**PROBLEM STATEMENT**: Under this line sits a listing. Repeat exactly and only its lines from the one holding "Setelah itu beri" through the one holding "قال ابن عبد"; skip pictures.

**DATA LISTING**:
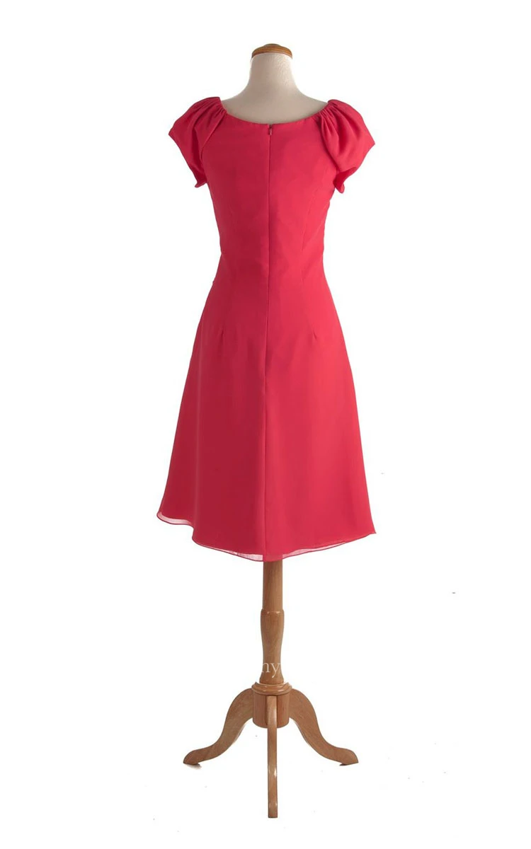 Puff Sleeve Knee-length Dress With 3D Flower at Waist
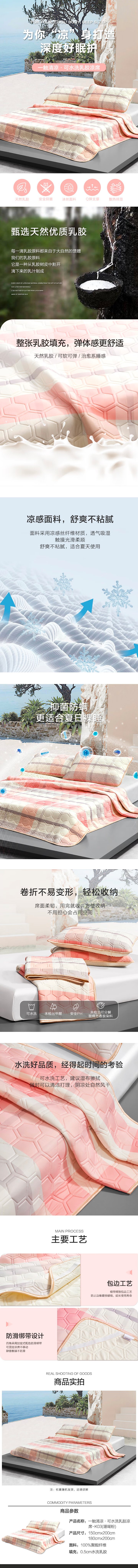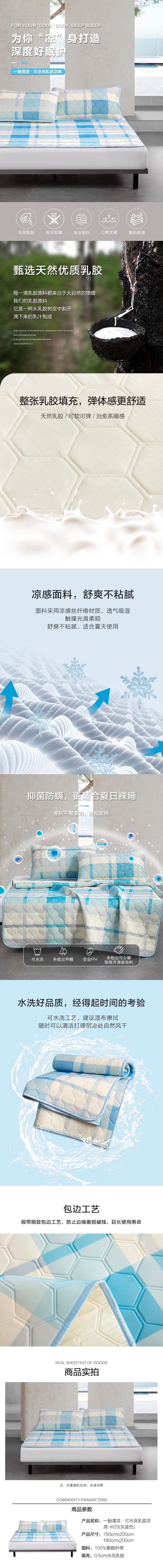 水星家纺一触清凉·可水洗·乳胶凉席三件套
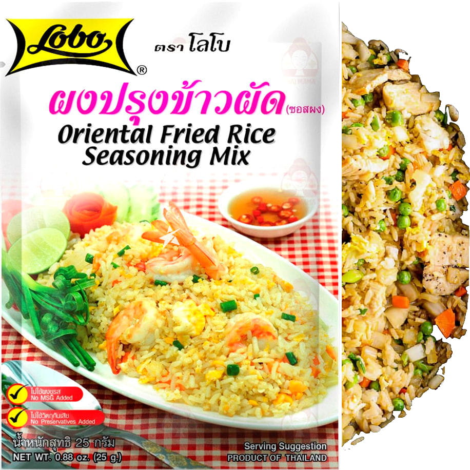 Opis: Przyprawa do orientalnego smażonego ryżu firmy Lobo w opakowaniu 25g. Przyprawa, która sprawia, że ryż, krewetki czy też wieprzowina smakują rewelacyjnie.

--

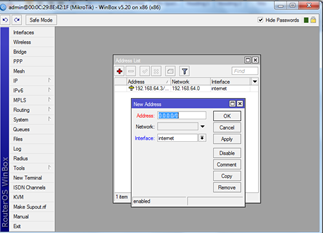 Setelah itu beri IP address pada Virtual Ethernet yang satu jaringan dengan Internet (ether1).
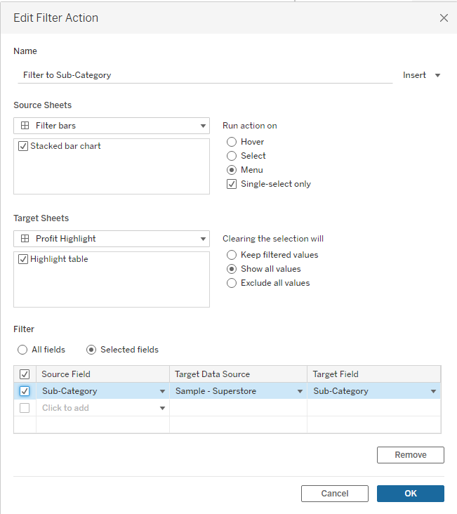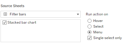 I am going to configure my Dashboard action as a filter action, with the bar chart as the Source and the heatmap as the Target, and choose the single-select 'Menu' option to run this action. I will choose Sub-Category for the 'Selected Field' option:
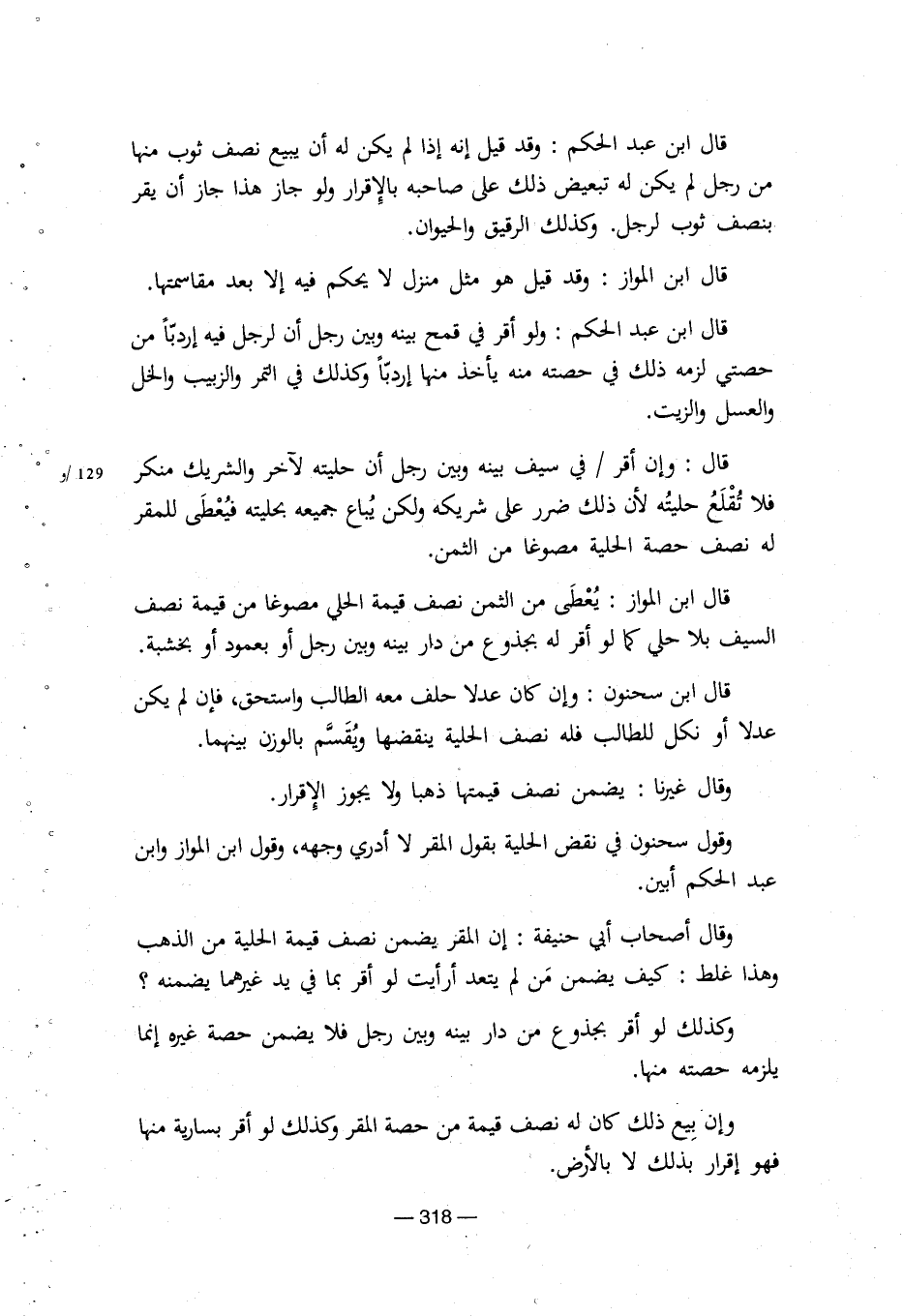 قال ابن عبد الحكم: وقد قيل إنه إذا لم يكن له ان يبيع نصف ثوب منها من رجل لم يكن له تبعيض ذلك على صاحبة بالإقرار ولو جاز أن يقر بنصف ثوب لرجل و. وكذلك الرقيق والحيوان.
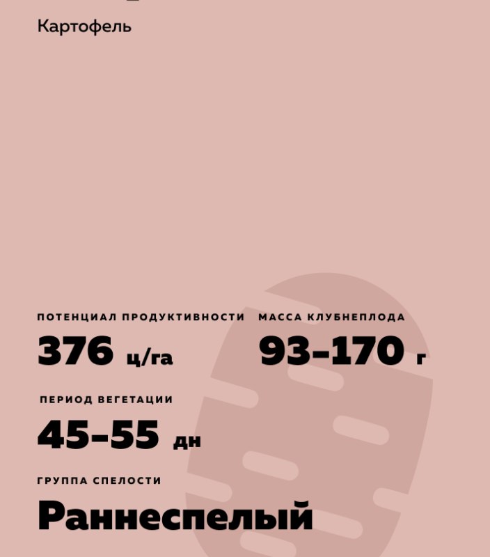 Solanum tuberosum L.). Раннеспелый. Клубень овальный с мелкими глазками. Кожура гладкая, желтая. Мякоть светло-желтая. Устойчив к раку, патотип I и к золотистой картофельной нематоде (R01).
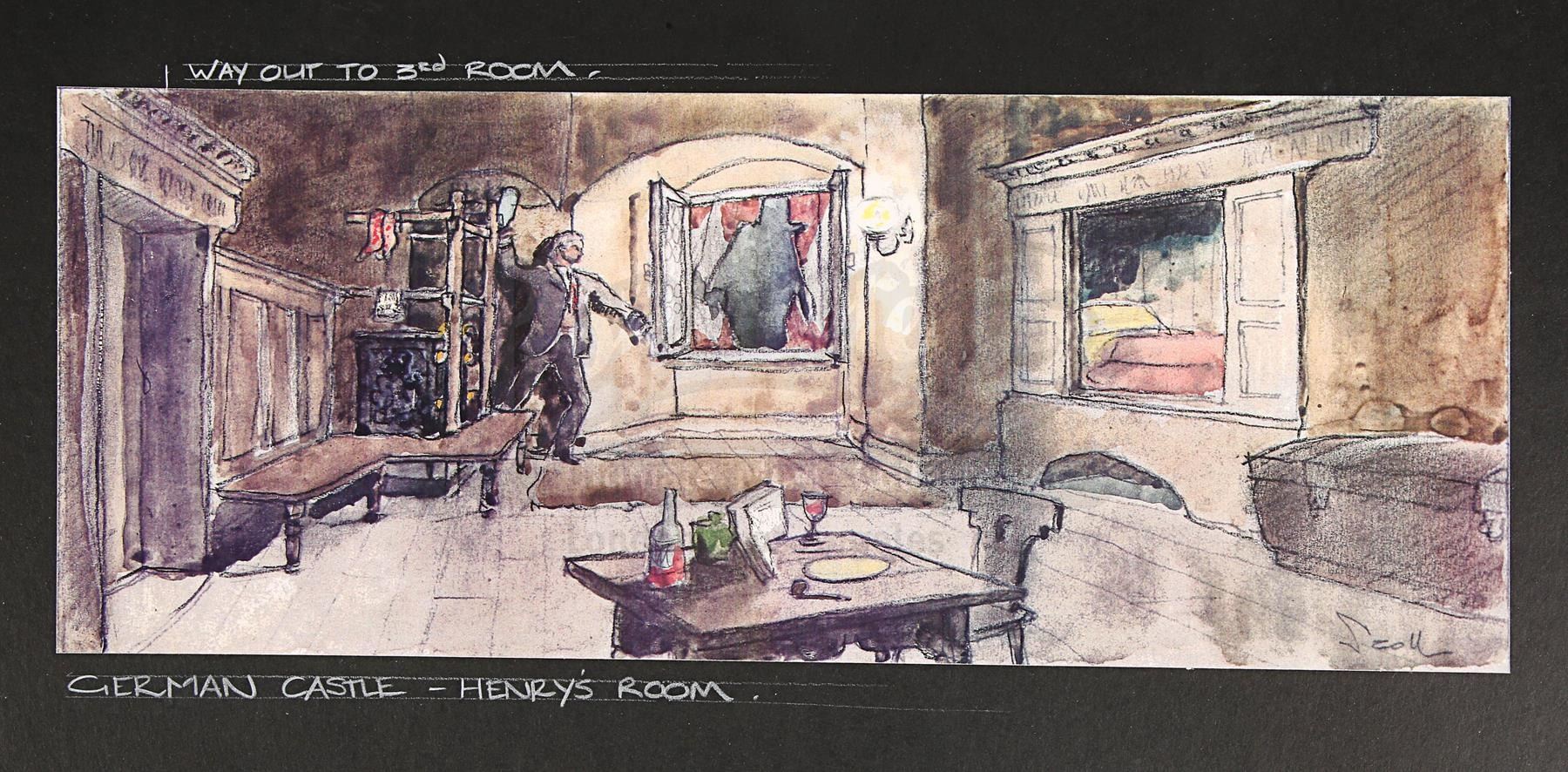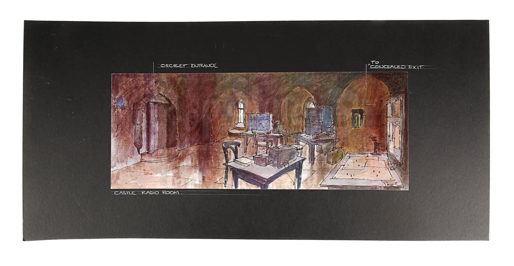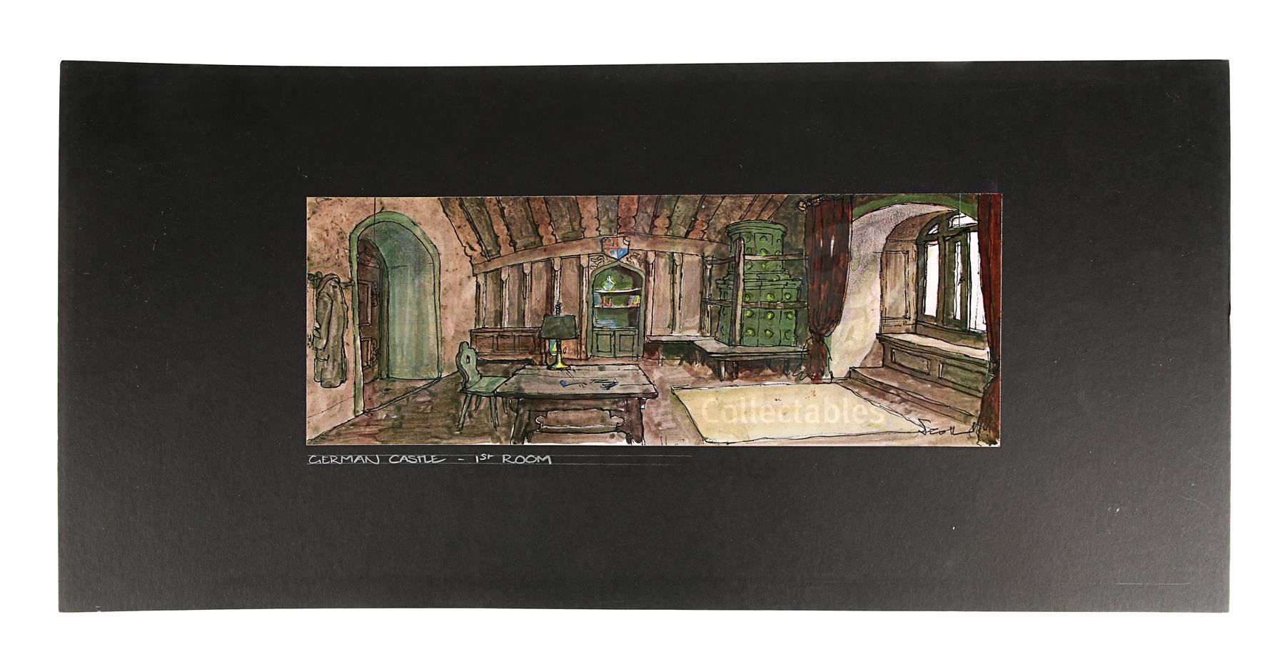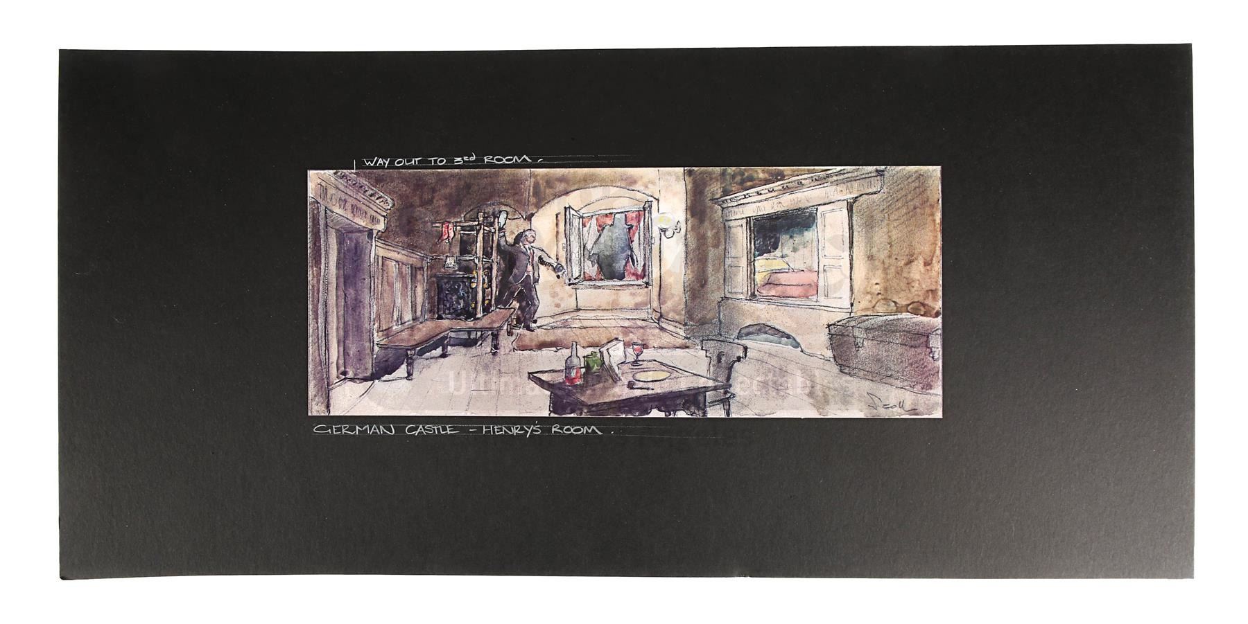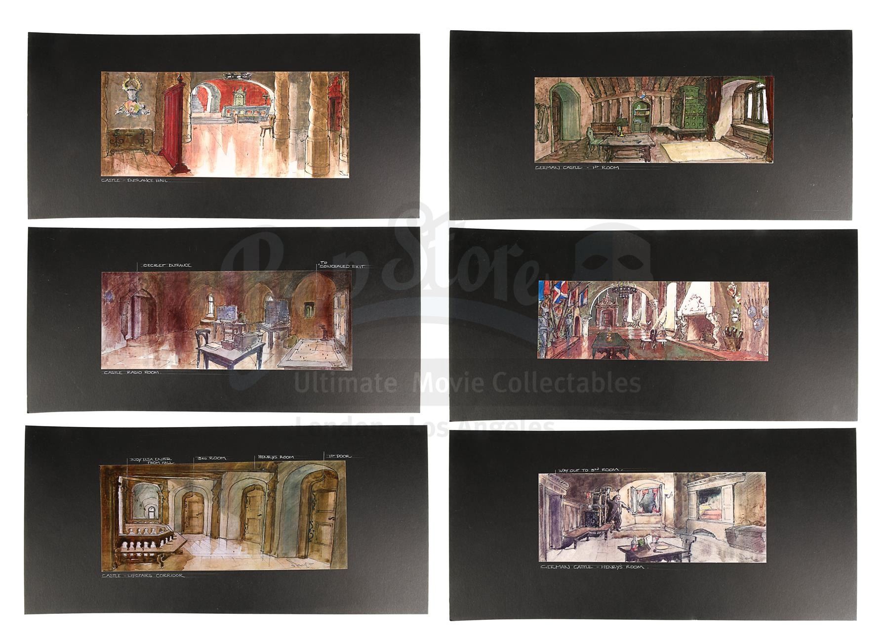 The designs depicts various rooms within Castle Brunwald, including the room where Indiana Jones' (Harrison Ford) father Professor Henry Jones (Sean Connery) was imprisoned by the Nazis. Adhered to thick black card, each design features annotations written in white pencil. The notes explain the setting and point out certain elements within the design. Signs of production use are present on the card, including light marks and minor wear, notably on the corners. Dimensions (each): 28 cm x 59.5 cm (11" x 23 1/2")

**RESULT FOR THIS TASK**:
 Setelah itu beri IP address pada Virtual Ethernet yang satu jaringan dengan Internet (ether1).
 I am going to configure my Dashboard action as a filter action, with the bar chart as the Source and the heatmap as the Target, and choose the single-select 'Menu' option to run this action. I will choose Sub-Category for the 'Selected Field' option:
 قال ابن عبد الحكم: وقد قيل إنه إذا لم يكن له ان يبيع نصف ثوب منها من رجل لم يكن له تبعيض ذلك على صاحبة بالإقرار ولو جاز أن يقر بنصف ثوب لرجل و. وكذلك الرقيق والحيوان.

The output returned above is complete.